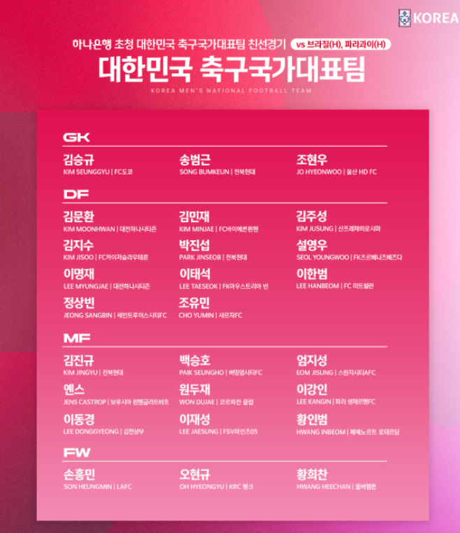 2025년 10월, 한국 축구 국가대표팀이 브라질과 파라과이를 상대로 A매치 친선경기를 치릅니다.
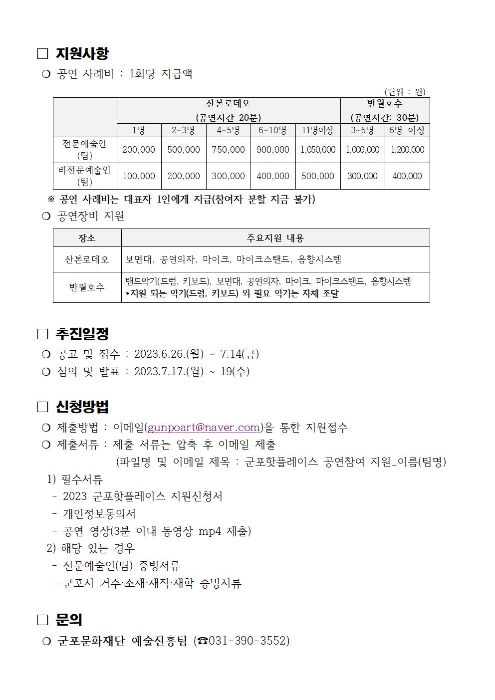 | gunpoart@naver.com | 전화번호 | 예술진흥팀 031-390-3552 | |
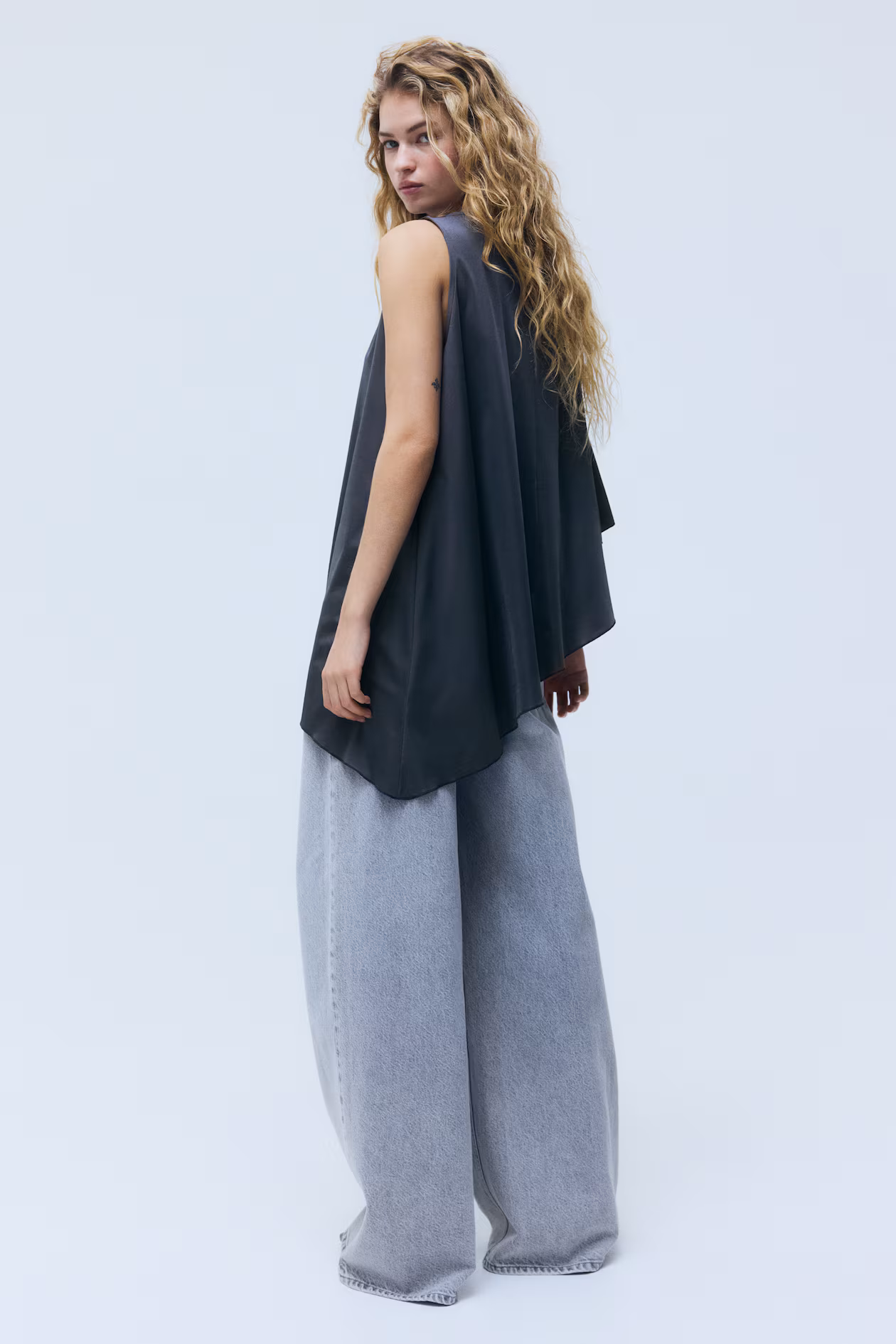 Oversized top in interlock jersey. Boat neck, one cape sleeve, and an asymmetric hem.
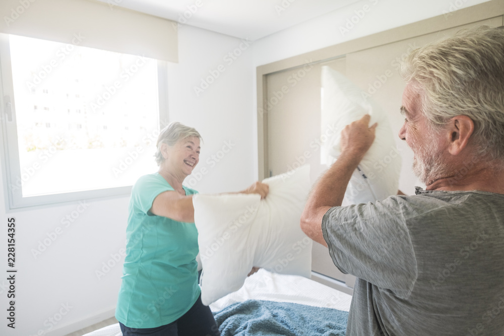 Happy caucasian aged senior adult couple enjoy the early morning making a pillows war together playing and laughing a lot. love and married forever life concept with joyful and playful mature people
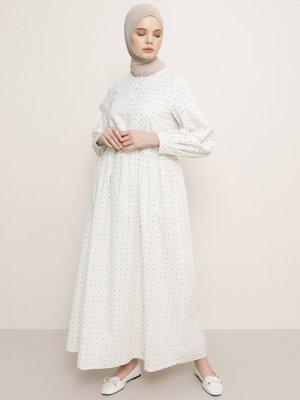 Benin Ekru Bisiklet Yaka Simli Elbise
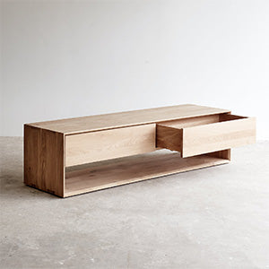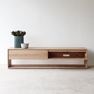 The Nordic TV Console by Ethnicraft is a striking piece that embodies the elegance of Scandinavian design. Crafted from solid oak, the TV console features a clean, minimalist aesthetic with smooth lines and subtle beveled edges that highlight the natural beauty of the wood.
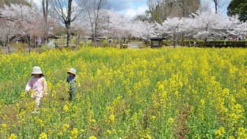 菜の花と桜、春のコラボレーション ぎふ清流里山公園
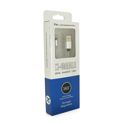 Магнітний кабель PiPo USB 2.0 / Lighting 1m 2А тканинна оплетка броньований знімач Silver BOX
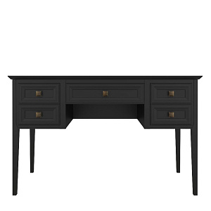 Коллекция мебели Tesoro Black отличается строгими геометрическими формами и лаконичным дизайном. В неё входят журнальный столик, тумбочка под ТВ, шкаф для одежды, комод и прочие предметы мебели. Все они выполнены из массива, мдф и покрыты чёрной матовой краской. Чтобы подчеркнуть контраст между тёмным деревом и золотистыми деталями, на фасады наносят глянцевый лак.

++++++++++++++++++++

### Task directions
Please give the entries again word for word, without any pictures.

### Exercise result
 2025년 10월, 한국 축구 국가대표팀이 브라질과 파라과이를 상대로 A매치 친선경기를 치릅니다.
 | gunpoart@naver.com | 전화번호 | 예술진흥팀 031-390-3552 | |
 Oversized top in interlock jersey. Boat neck, one cape sleeve, and an asymmetric hem.
 Happy caucasian aged senior adult couple enjoy the early morning making a pillows war together playing and laughing a lot. love and married forever life concept with joyful and playful mature people
 Benin Ekru Bisiklet Yaka Simli Elbise
 The Nordic TV Console by Ethnicraft is a striking piece that embodies the elegance of Scandinavian design. Crafted from solid oak, the TV console features a clean, minimalist aesthetic with smooth lines and subtle beveled edges that highlight the natural beauty of the wood.
 菜の花と桜、春のコラボレーション ぎふ清流里山公園
 Магнітний кабель PiPo USB 2.0 / Lighting 1m 2А тканинна оплетка броньований знімач Silver BOX
 Коллекция мебели Tesoro Black отличается строгими геометрическими формами и лаконичным дизайном. В неё входят журнальный столик, тумбочка под ТВ, шкаф для одежды, комод и прочие предметы мебели. Все они выполнены из массива, мдф и покрыты чёрной матовой краской. Чтобы подчеркнуть контраст между тёмным деревом и золотистыми деталями, на фасады наносят глянцевый лак.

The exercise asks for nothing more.